So I really like the look of Sergei Prokudin-Gorskii's three-color photos from the 1900's and 1910's, with their brilliant, life-like color response and shimmering rainbow artifacts around moving objects. My understanding is his camera was probably a falling plate model that automatically exposed three dry plates with different color filters in decently quick succession. "An elegant solution, for a more civilized age... not as clumsy or as random as slide film..."

There were even three-color cameras that could compensate for the subtly different color sensitivities of early panchromatic emulsions by altering the shutter speed, though I don't know if Prokudin-Gorskii had one. Obviously, these cameras are pretty obscure now (though they were made into the 50's for some applications, apparently,) and my chance of ever getting one is less than zero.

However, I think for static shots like landscapes, all you'd really need to mess around with this would be a decent pan film (check), a very stable tripod (check) and three different color filters of appropriate, known hues and about equal density (not check), as well as the photoshop or GIMP knowledge to composite the scans together (tentative check?). Has anyone tried this? Results? Any images they'd like to share?

I will say I do have film holders with clearly distinguishable notches (courtesy of previous owners) so that it wouldn't be hard to tell the three different exposures apart. What do you call those notches anyways? Index notches?
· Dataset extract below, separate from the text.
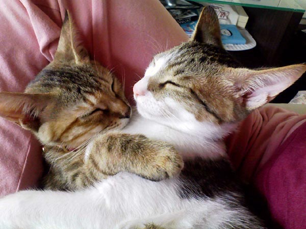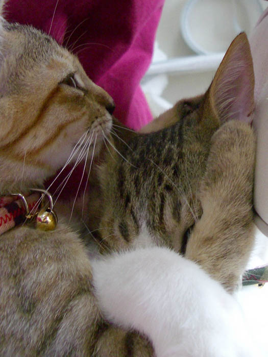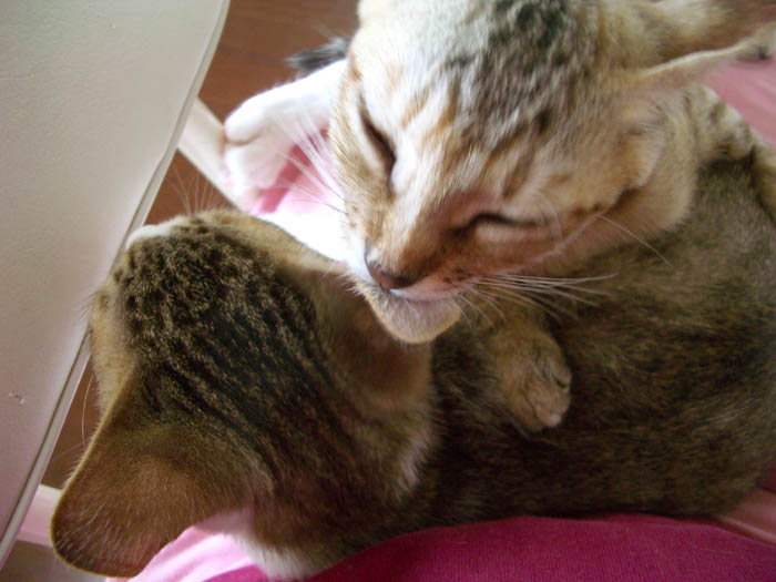 ぽっけ♂の毛づくろいを始めたぴっち♀。

I'd also note that, if you were very smart, had the proper equipment and you were willing to mess around with doing different exposures, you could expose two regular sheets and an infrared sheet and simulate or approximate the false-color response of the old Aerochrome infrared color slide film, where infrared was reproduced as red, red became green, green became blue, and blue was blocked out altogether. That would be totally tubular, in my opinion. IDK, I think infrared sheet film is probably too rich for my blood.